Em 27 de novembro de 2023, conforme documentou o Estado de Minas, Bouzas e outros integrantes da Ordem Terceira do Carmo (Maria Dalila Irrthum, priora da irmandade, e Luiz Gonzaga Barbosa Silva, conselheiro), renovaram as esperanças e rezaram para que a imagem voltasse. A peça ficava num altar colateral da nave, e, na ocasião, com as vestes da irmandade, os três apresentaram, como homenagem, uma imagem em gesso de Nossa Senhora do Carmo. “O roubo foi um golpe no nosso patrimônio, que perdeu outras peças. Na época, não havia a segurança que temos hoje”, disse Bouzas. “Felizmente, a padroeira continua no altar-mor”, acrescentou.

 

Com peça em gesso para homenagear a que estava desaparecida, José Bouzas, Dalila Irrthum e Luiz Barbosa, da Ordem Terceira do Carmo, rezam pelo retorno do patrimônio

Ramon Lisboa/EM/D.A Press – 27/11/23

 


ARTE E BELEZA

Com 38 centímetros de altura e 14cm de largura, a imagem em madeira esculpida e policromada e dourada, com coroa em filigrana de prata (não furtada), é atribuída ao português Francisco Vieira Servas (1720-1811), o qual trabalhou como entalhador e escultor em várias localidades mineiras no período colonial.

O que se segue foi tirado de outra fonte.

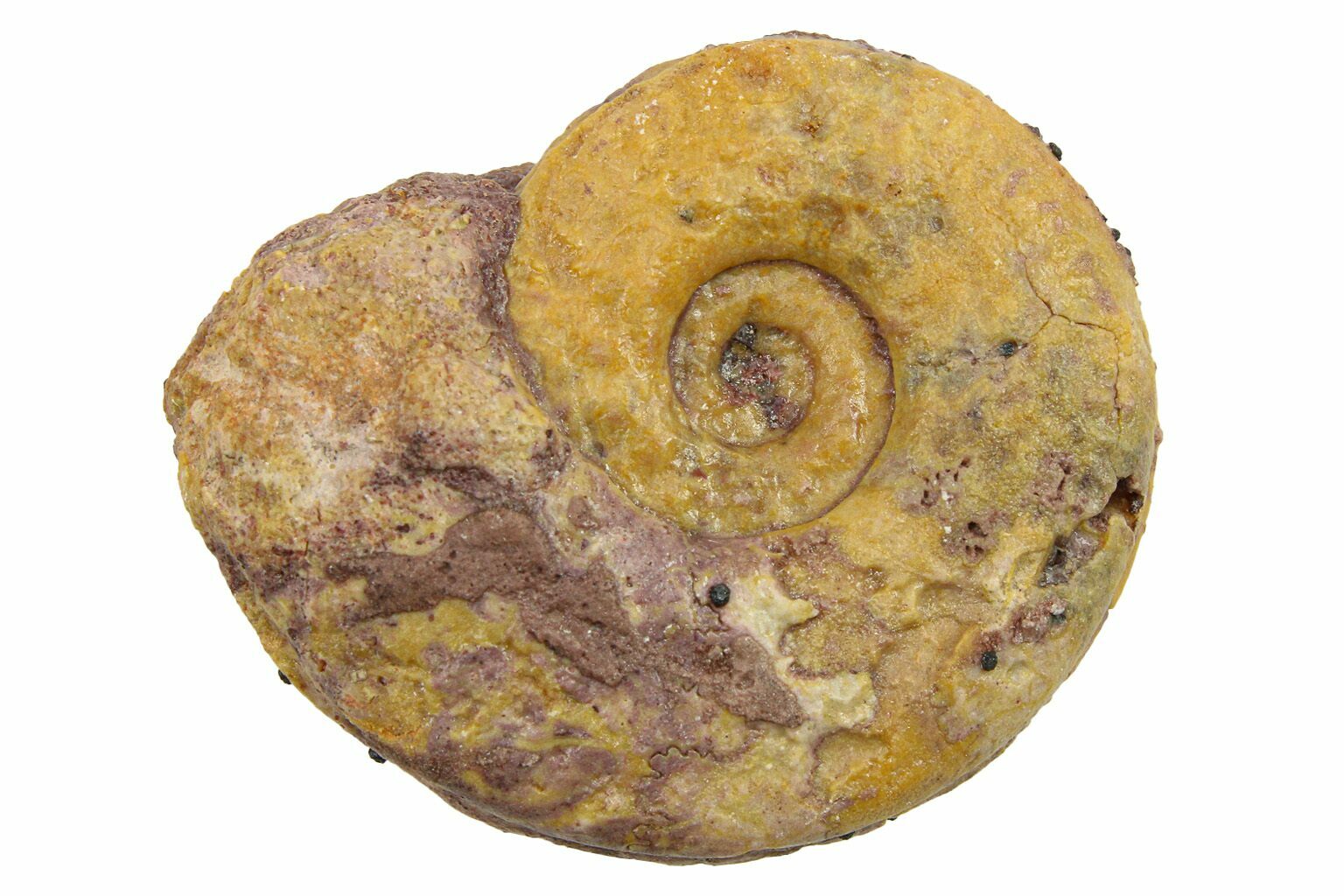 Ammonites were ancient marine cephalopods, similar to today's squids and octopuses, but with a defining feature: their distinctive, tightly coiled spiral shells. These shells, resembling those of modern nautiluses, served as both a protective home and a buoyancy aid, allowing ammonites to navigate the prehistoric seas with ease. First emerging around 240 million years ago in the Triassic Period, ammonites thrived for over 175 million years, adapting through numerous forms and sizes. As predatory creatures, they likely fed on smaller marine organisms, using their tentacles to capture prey. However, their long reign came to an end 65 million years ago at the close of the Cretaceous, coinciding with the mass extinction event that also eliminated the dinosaurs.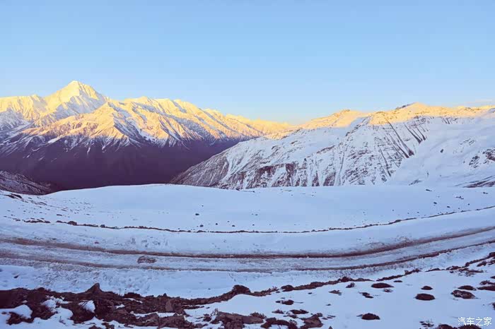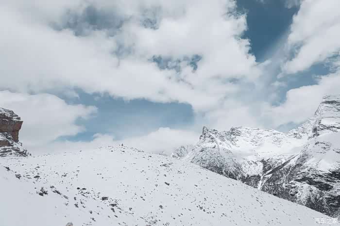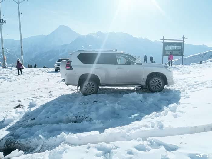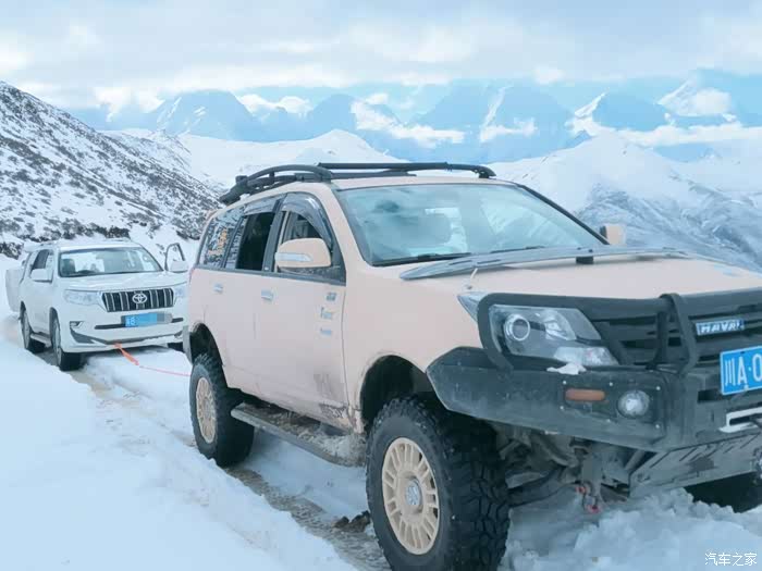 第二天一大早,我起来之后发现大白还是没有办法把自己刨出来,没多久远处来了一辆川A爆改哈弗H5,左扭右扭在雪上飘着前进,到了离我不远的地方实在太滑也走不动了,川A有绞盘,就把绞盘系在大白的拖车钩上把自己拉了上来,然后又系在大白前面的拖车钩上,很容易就把大白拖出来了,然后又拖着一起加油上了雅哈垭口。

Conforme inventário da peça elaborado pelo antigo Sphan (hoje Iphan), a peça tem cabelos em estrias grossas, braço direito flexionado e mão esquerda sustentando o Menino Jesus. A imagem está com uma túnica marrom e ouro, manto branco e véu curto em ângulo.

 

O parecer técnico da CPPC/MPMG destaca que as linhas e elementos de composição são equivalentes: “Associado a isso, ao confrontar as informações constantes da denúncia, do anúncio, da ficha de inventário, da ficha de desaparecimento do bem e dos dados constantes do Sondar constatou-se que a imagem anunciada possui convergências com a peça desaparecida”.

 

Ainda de acordo com o laudo, no site de leilões, a imagem foi descrita como oriunda de Minas Gerais e atribuída ao artista Vieira Servas.. Após as análises técnicas, confirmou-se que a imagem comercializada pertencia a Sabará, sendo adotadas as medidas legais para que o bem cultural retornasse ao seu local de procedência.

 

 

Tombada pelo Iphan em 1938, a Igreja do Carmo teve sua construção iniciada em 1763, graças ao empenho da Ordem Terceira do Carmo, que contratou as obras com o mestre Tiago Moreira. Considerado o “mestre do Barroco”, Antônio Francisco Lisboa, o Aleijadinho (1738-1814) trabalhou no templo, sendo atribuídas a ele as esculturas que ornamentam o frontispício (fachada principal), especialmente a portada. Aleijadinho e sua equipe foram responsáveis ainda pelo trabalho de escultura dos púlpitos, coro e balaustradas, conforme documentos datados de 1779 e 1781. São também de sua autoria as imagens de São João da Cruz e São Simão Stock, concluídas em 1779.